Embodied Visual Tracking (EVT) is a fundamental ability that underpins practical applications, such as companion robots, guidance robots and service assistants, where continuously following moving targets is essential. Recent advances have enabled language-guided tracking in complex and unstructured scenes. However, existing approaches lack explicit spatial reasoning and effective temporal memory, causing failures under severe occlusions or in the presence of similar-looking distractors. To address these challenges, we present TrackVLA++, a novel Vision-Language-Action (VLA) model that enhances embodied visual tracking with two key modules: a spatial reasoning mechanism and a Target Identification Memory (TIM). The reasoning module introduces a Chain-of-Thought paradigm, termed Polar-CoT, which infers the target's relative position and encodes it as a compact polar-coordinate token for action prediction. Guided by these spatial priors, the TIM employs a gated update strategy to preserve long-horizon target memory, ensuring spatiotemporal consistency and mitigating target loss during extended occlusions. Extensive experiments show that TrackVLA++ achieves state-of-the-art performance on public benchmarks across both egocentric and multi-camera settings. On the challenging EVT-Bench DT split, TrackVLA++ surpasses the previous leading approach by 5.1% and 12% respectively. Furthermore, TrackVLA++ exhibits strong zero-shot generalization, enabling robust real-world tracking in dynamic and occluded scenarios.

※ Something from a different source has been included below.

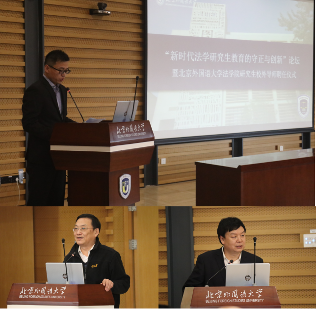 主题发言阶段,司法部原国际合作局副局长张晓鸣、北京天驰君泰律师事务所高级合伙人周塞军、北京市蓝鹏律师事务所主任张起淮、北京恒都律师事务所主任江锋涛分别进行了主题发言。张晓鸣副局长强调学习习近平法治思想和外交思想的重要性。周塞军律师从律师队伍发展的角度出发,探讨了法学教育对律师行业的影响和启示。张起淮主任分享了法学创新人才培养模式并指出了关注学科交叉融合的重要性。江锋涛主任指出校内外导师联合授课对涉外法治人才培养的必要性,并强调法学教育的终身学习和教育。

Given a video stream and a language instruction, TrackVLA++ predicts a tracking trajectory by utilizing Polar-CoT reasoning to infer the target's position and continuously updating the Target Identification Memory with CoT-based predictions for long-horizon tracking.
TrackVLA++ achieves sustained, long-horizon tracking in complex urban environments, maintaining continuity for over 30 minutes along multi-kilometer trajectories. It remains robust to heavy distractors, multiple barriers, and pronounced illumination changes, demonstrating stable performance in diverse and dynamic settings.

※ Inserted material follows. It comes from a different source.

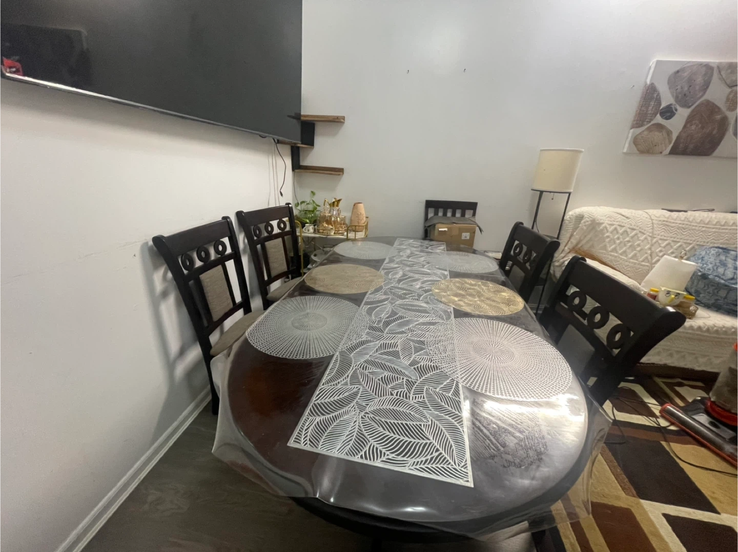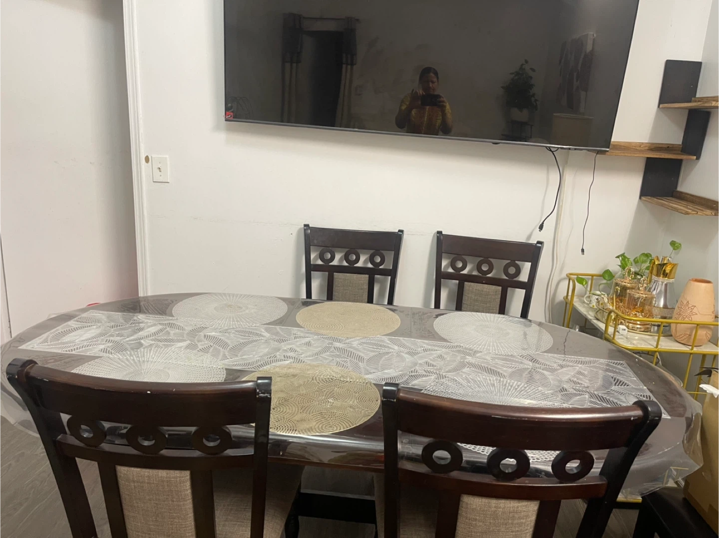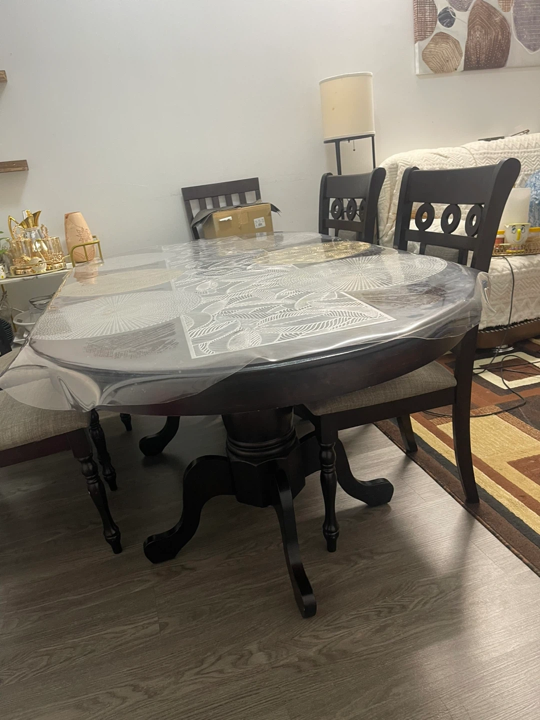 Selling a beautiful oval dining table that comes with six matching chairs. The table has a dark wood finish and a sturdy pedestal base. The chairs have a unique design on the backrests and neutral-colored fabric seats. This set would be a great addition to any dining room!

TrackVLA++ maintains target identity across complex, unstructured environments, including narrow crosswalks, barrier-dense areas, and wooded scenes; it handles large heading changes, traverses tight corridors into buildings, and continues through constrained spaces such as elevators.

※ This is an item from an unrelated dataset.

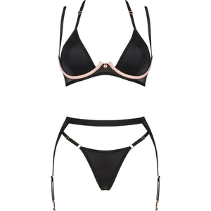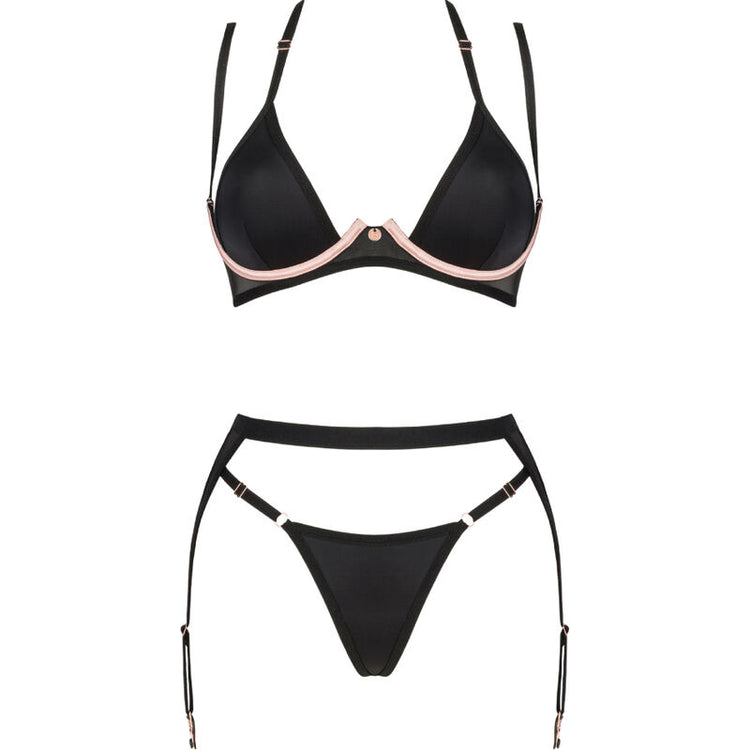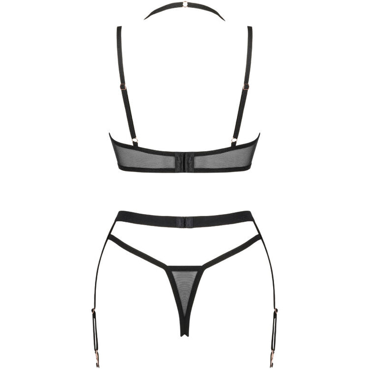- um conjunto preto de três peças contendo sutiã, tanga e cinta-liga

TrackVLA++ exhibits robust performance in crowded scenes with severe occlusions and target disappearance, demonstrating strong spatiotemporal reasoning, consistent re-identification, and long-term memory. It is robust to dynamic distractors common in urban walkways—such as pedestrian flows, crosswalk traffic, and heterogeneous motions—sustaining stable tracking on sidewalks, crosswalks, and related urban settings.
TrackVLA++ leverages multi-camera inputs to recognize targets under off-axis views (i.e., non-frontal, oblique perspectives) and reorient toward the target, demonstrating strong spatial understanding and cross-view reasoning capability.
TrackVLA++ exhibits cross-domain generalization, enabling robust tracking across diverse scene styles, viewpoints, and camera parameters, while also generalizing beyond human subjects to a broad spectrum of objects, all without additional adaptation.